At the request of the opponents of the controversial legislation, the Ohio Supreme Court dismissed Friday a case in which a federal judge had asked the justices to answer legal questions about placing referendums on Ohio ballots. 
The action followed the Thursday dismissal in U.S. District Court of the now-abandoned bid by Ohioans Against Corporate Bailouts to force a vote on the $1 billion subsidy being routed to the owner of two nuclear plants on Lake Erie. 

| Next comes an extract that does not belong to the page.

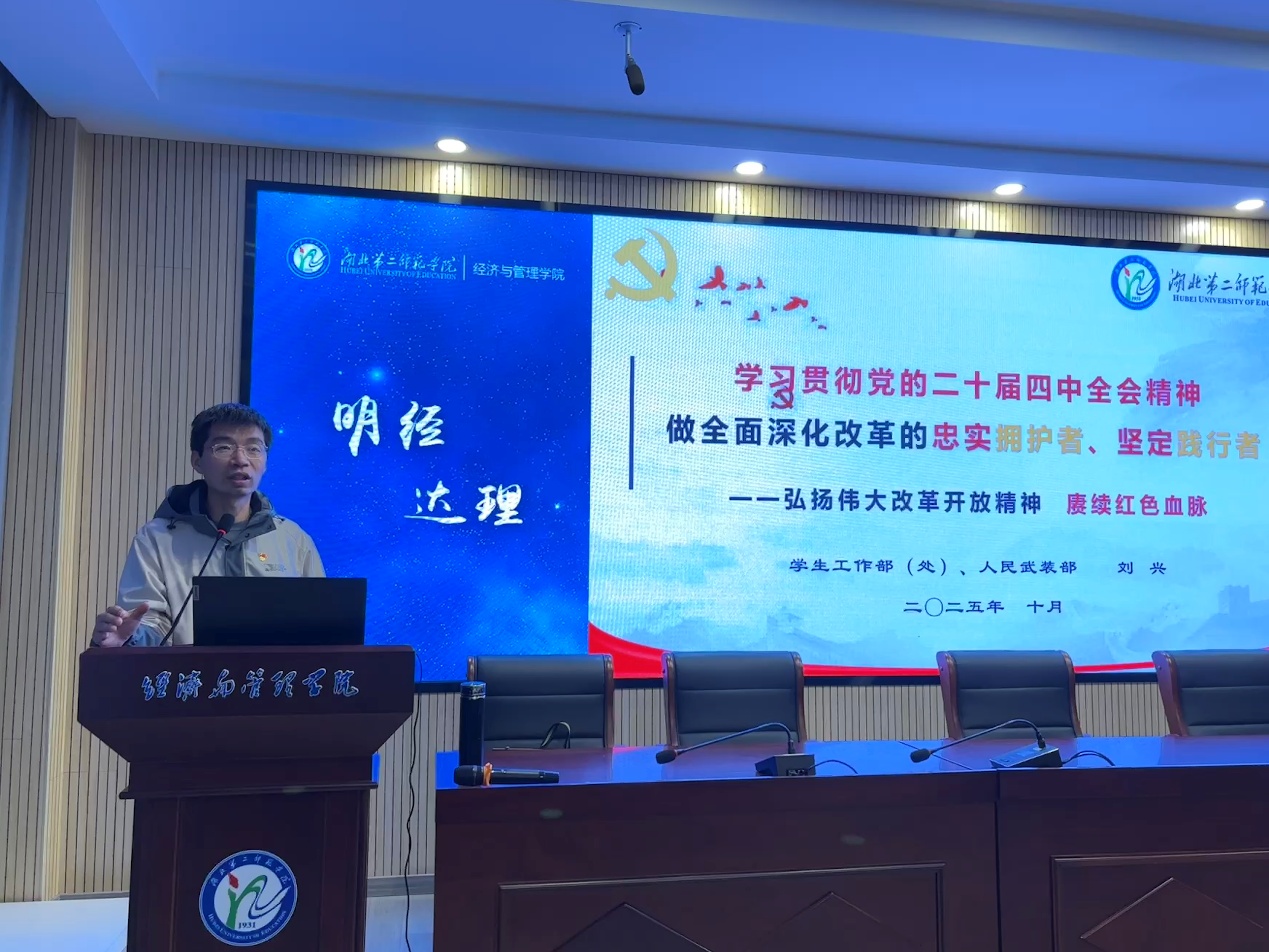 刘兴以“什么是中央全会”为引,开启本次课程。他详细介绍了党的二十届四中全会的主要议程,着重指出中国共产党第二十届中央委员会第四次全体会议审议通过的《中共中央关于制定国民经济和社会发展第十五个五年规划的建议》是关键时期的关键部署,明确了2026年至2030年“十五五”时期的战略任务和重点方向。他强调“十五五”时期是“基本实现社会主义现代化夯实基础、全面发力的关键时期”,在实现中国式现代化进程中具有承前启后的重要地位。刘兴以大学生进行职业生涯规划为例,阐释了国家制定“十五五”规划的必要性,强调正如个人需要规划引领成长,国家的发展更需要科学的蓝图指引方向、凝聚力量。刘兴指出要理解“现代化”、“创新”、“精神”等词的核心概念,从而把握二十届四中全会的主要内容。刘兴阐明以“解放思想、求真务实,敢闯敢试、开放开明,创新进取、攻坚克难,合作共赢、强国富民”为内涵的伟大改革开放精神,并指出这是当代中国人民最鲜明的精神标识。他勉励大学生将“解放思想、求真务实”的精神基质融入到日常学习与生活中。

The group dismissed last week its appeal before the Cincinnati-based 6th U.S. Circuit Court of Appeals, saying it did not have the cash to continue its fight. 
The group had appealed an Oct. 23 ruling by U.S. District Court Judge Edmund A. Sargus in Columbus that held it turned to the wrong court seeking additional days to collect signatures on its petition. 
Sargus instead sent the case to the state Supreme Court, which will not answer questions of state law that the judge raised about Ohio’s referendum process.